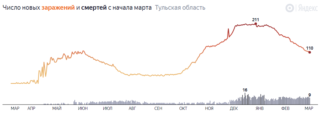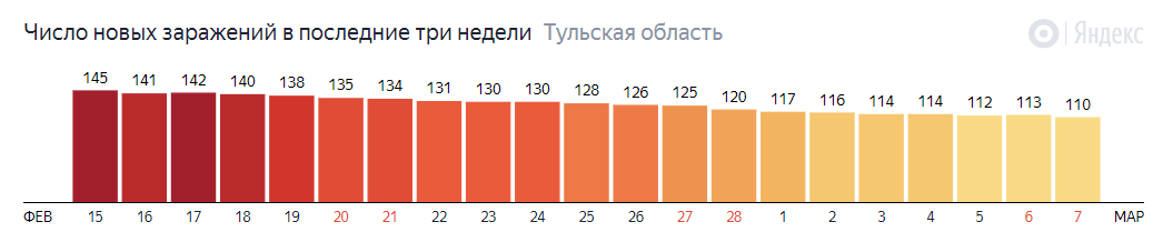 По данным федерального оперштаба, за последние сутки в Тульской области выявлены 110 случаев коронавируса. При этом, общее число заболевших COVID-19 в регионе к 7 марта выросло до 33 836 человек.
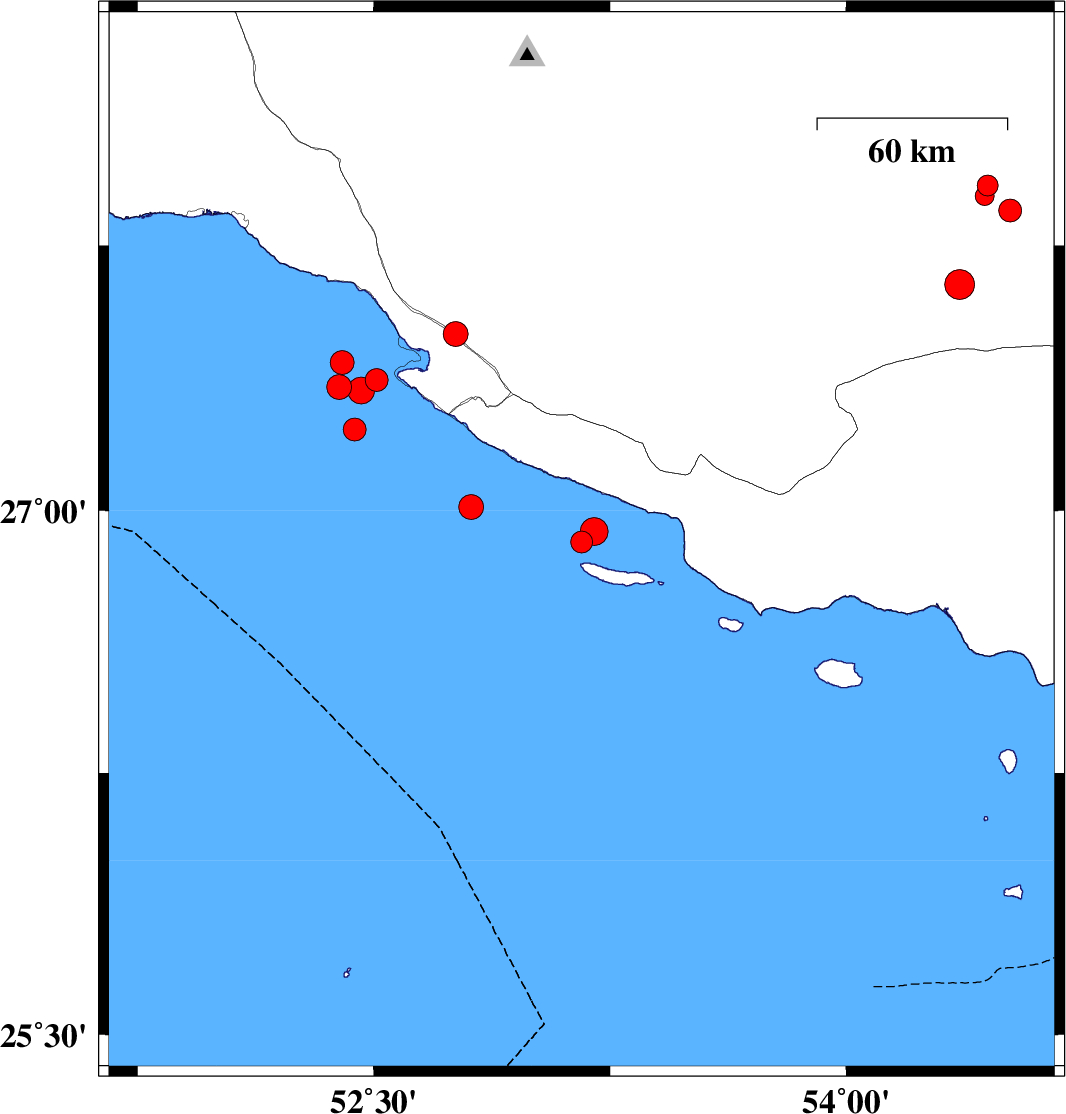 2006/09/27 01:04:00.9 04:34:00.9 27.0152.8125 ML:3.5 Persian Gulf, 50 km South-West of Lamerd
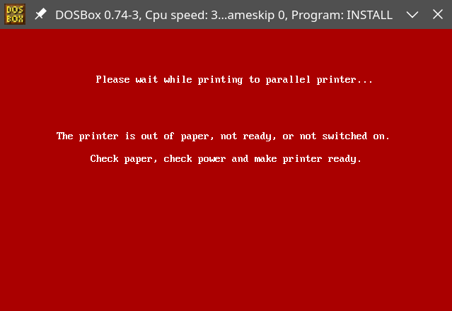 I launched the installation program. On DOSBox-X, it failed. Vanilla DOSBox had better luck and successfully completed the install but, after that, the experiment went awry. For unknown reasons – maybe I should have populated the hard disk with fake system files? – the malware triggered immediately. After a brief “Installing…” screen, I got this message:
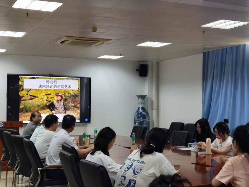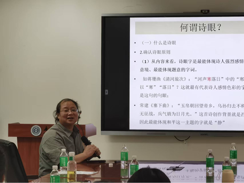 2025年5月12日下午,广西师范大学伟德国际bevictor1946教授莫道才在白云山校区七教408会议室作题为《诗之眼——唐宋诗词的语言艺术》专题讲座。讲座由陈恩维教授主持,多名师生参会。莫道才教授从五言诗和七言诗的平仄规律及其审美变化入手,重点探讨了中国古代诗歌的音乐性、声韵特点及其发展历程,并讨论了词的形成与节奏多样性。
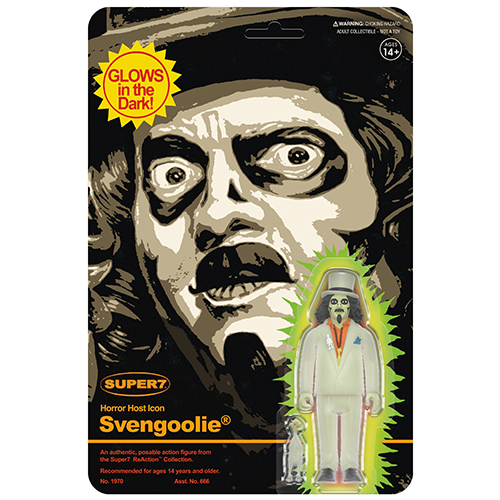 40年以上もの間、土曜の夜にジョークやパロディソングを交えてホラー映画ファンを楽しませているホラー映画紹介番組「スヴェングーリー」。その番組のホストであり名物キャラクター、スヴェングーリーのリアクションフィギュアが、スーパー7ではお馴染みとなった、今は無きメーカー「レムコ」が1980年にリリースしていた「Glow in the Dark Mini Monster」をリスペクトしたバックカード&蓄光仕様で再び登場!モンスター史に残る狼男とレムコオマージュの共演…最高です!
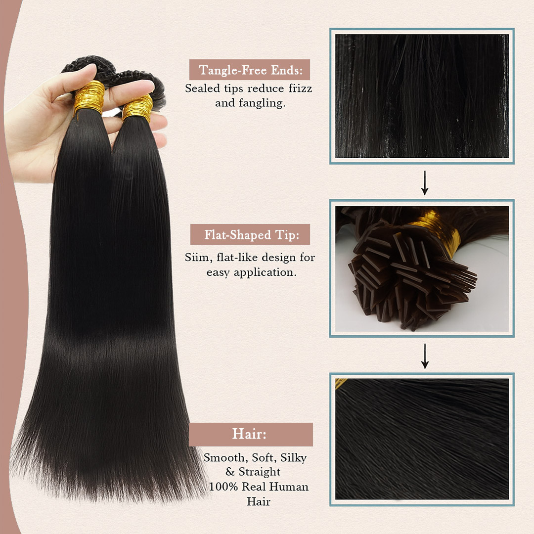 Each strand moves naturally, stays tangle-free, and delivers consistent volume from root to tip. Whether you’re looking for fuller hair, extra length, or a polished everyday style, flat tip extensions offer a sleek, salon-quality finish that stays flawless for weeks.

_ _ _ _

ABOUT THIS EXERCISE: Whenever a line holds a picture, print that line without the picture. All other data must be output exactly.

ANSWER SPACE:
 По данным федерального оперштаба, за последние сутки в Тульской области выявлены 110 случаев коронавируса. При этом, общее число заболевших COVID-19 в регионе к 7 марта выросло до 33 836 человек.
 2006/09/27 01:04:00.9 04:34:00.9 27.0152.8125 ML:3.5 Persian Gulf, 50 km South-West of Lamerd
 I launched the installation program. On DOSBox-X, it failed. Vanilla DOSBox had better luck and successfully completed the install but, after that, the experiment went awry. For unknown reasons – maybe I should have populated the hard disk with fake system files? – the malware triggered immediately. After a brief “Installing…” screen, I got this message:
 2025年5月12日下午,广西师范大学伟德国际bevictor1946教授莫道才在白云山校区七教408会议室作题为《诗之眼——唐宋诗词的语言艺术》专题讲座。讲座由陈恩维教授主持,多名师生参会。莫道才教授从五言诗和七言诗的平仄规律及其审美变化入手,重点探讨了中国古代诗歌的音乐性、声韵特点及其发展历程,并讨论了词的形成与节奏多样性。
 40年以上もの間、土曜の夜にジョークやパロディソングを交えてホラー映画ファンを楽しませているホラー映画紹介番組「スヴェングーリー」。その番組のホストであり名物キャラクター、スヴェングーリーのリアクションフィギュアが、スーパー7ではお馴染みとなった、今は無きメーカー「レムコ」が1980年にリリースしていた「Glow in the Dark Mini Monster」をリスペクトしたバックカード&蓄光仕様で再び登場!モンスター史に残る狼男とレムコオマージュの共演…最高です!
 Each strand moves naturally, stays tangle-free, and delivers consistent volume from root to tip. Whether you’re looking for fuller hair, extra length, or a polished everyday style, flat tip extensions offer a sleek, salon-quality finish that stays flawless for weeks.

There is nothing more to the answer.